For many of today’s companies, a greater volume of work is expected from a limited number of employees. This environment makes it essential for companies to have a strategy in place to nurture and track employee talent. A lack of effective talent management can critically impact business operations and employee productivity. For example, companies without adequate sales and support training programs take longer to bring new products to market; customer retention issues arise from poorly trained support representatives; and employee productivity remains low when workforce talent is not aligned with business processes and goals.

Since the 1990s, the process of talent management has been utilized by companies to develop workers’ skills, improve overall performance, and ultimately enhance the corporate bottom line. Today, forward-looking companies have begun to develop talent that is aligned with their business by tapping into online communities—known collectively as Web 2.0 technologies—such as blogs, wikis, and social networks. This paper discusses the morphing of traditional talent management into a more sophisticated, collaborative method of cultivating employee skills using Web 2.0 technologies.

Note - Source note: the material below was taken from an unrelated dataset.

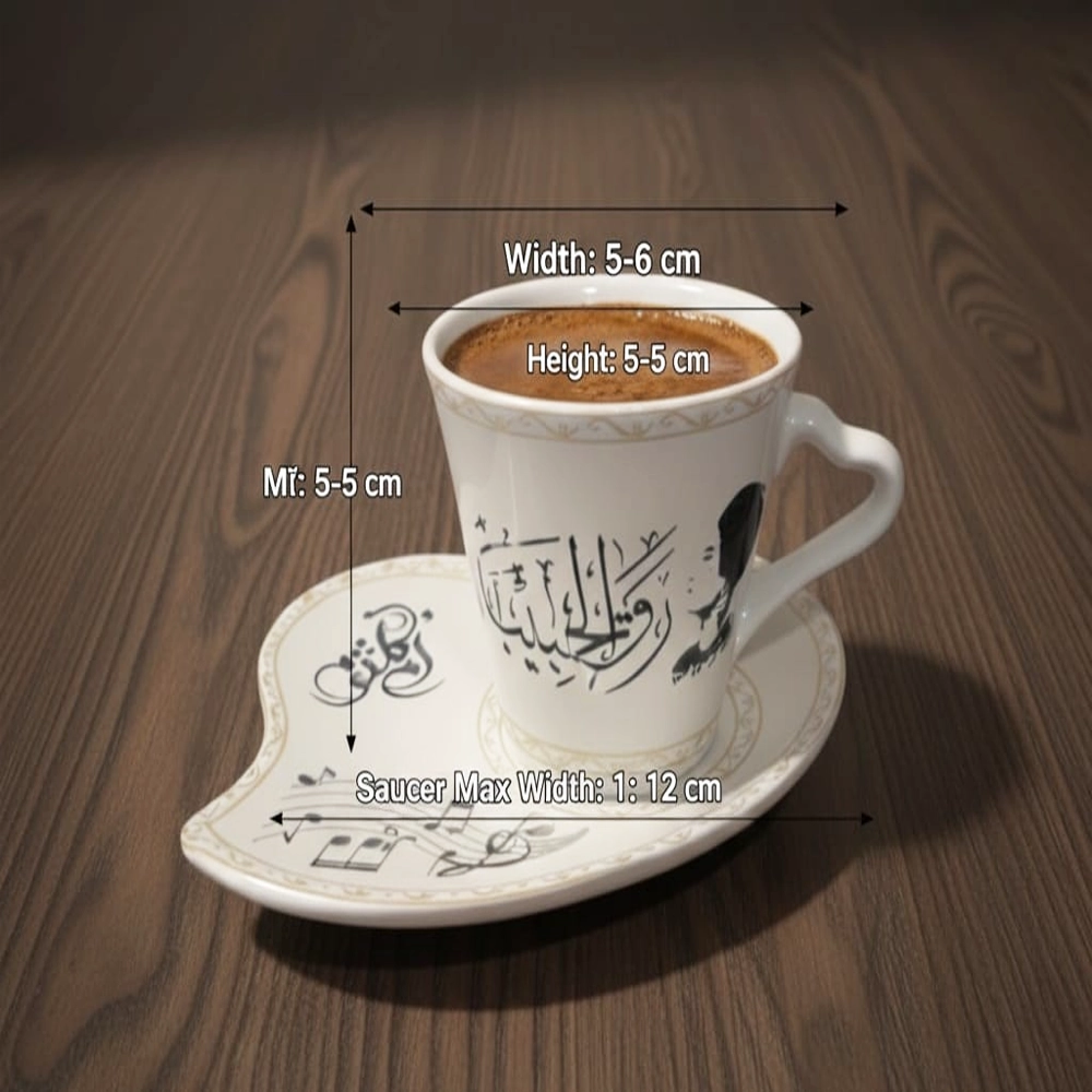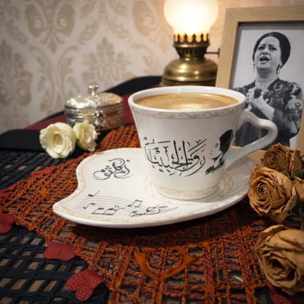 هذا الفنجان ليس مجرد أداة لتقديم القهوة، بل قطعة فنية تعبّر عن الذوق الرفيع، وتستحضر صورة أيقونة الغناء العربي التي لا تزال حاضرة في وجدان كل محب للفن الكلاسيك. اللون البيج الهادئ، والخط العربي الأنيق، والصحن المتناسق، كلها عناصر تجتمع لتقديم منتج متكامل يلائم الاستخدام اليومي ويليق بالتقديم في المناسبات الخاصة.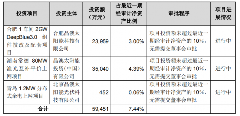 此外,根據公告,晶澳太陽能近期還有3個正在審批中且尚未達到董事會審議標準的對外投資事項,3個項目投資總額達5.9451億元,分別為:合肥1車間2GWDeepBlue3.0組件技改及配套項目、湖南常德80MW漁光互補平價上網項目、青島1.2MW分布式余電上網項目。公告顯示以上三個項目項目投資額未超過最近一期經審計凈資產的10%,無需提交董事會審批。詳情如下:

Transforming traditional Talent Management
Talent management—the acquisition and development of employee talent—has become somewhat of a buzzword due to factors such as globalization and outsourcing to foreign markets. One key aspect of talent management is performance management: how companies develop and rate individual employee performance. Yet talent management equates to far more than performance management. It is an overarching umbrella that encompasses the means by which companies attract, develop, promote, and retain their employees. The components of talent management generally include:
Acquisition Management. Attracting and recruiting qualified candidates; screening for required competencies; hiring based on successful profiles.
Performance Management. Evaluating employee performance and determining employee strengths and weaknesses; develop succession plans.
Learning Management. Training employees in corporate policies, industry standards, and best practices; develop employee competencies for optimizing efficiency and productivity.
Compensation Management. Establishing, managing and planning competitive salaries; creating and managing pay-for-performance initiatives.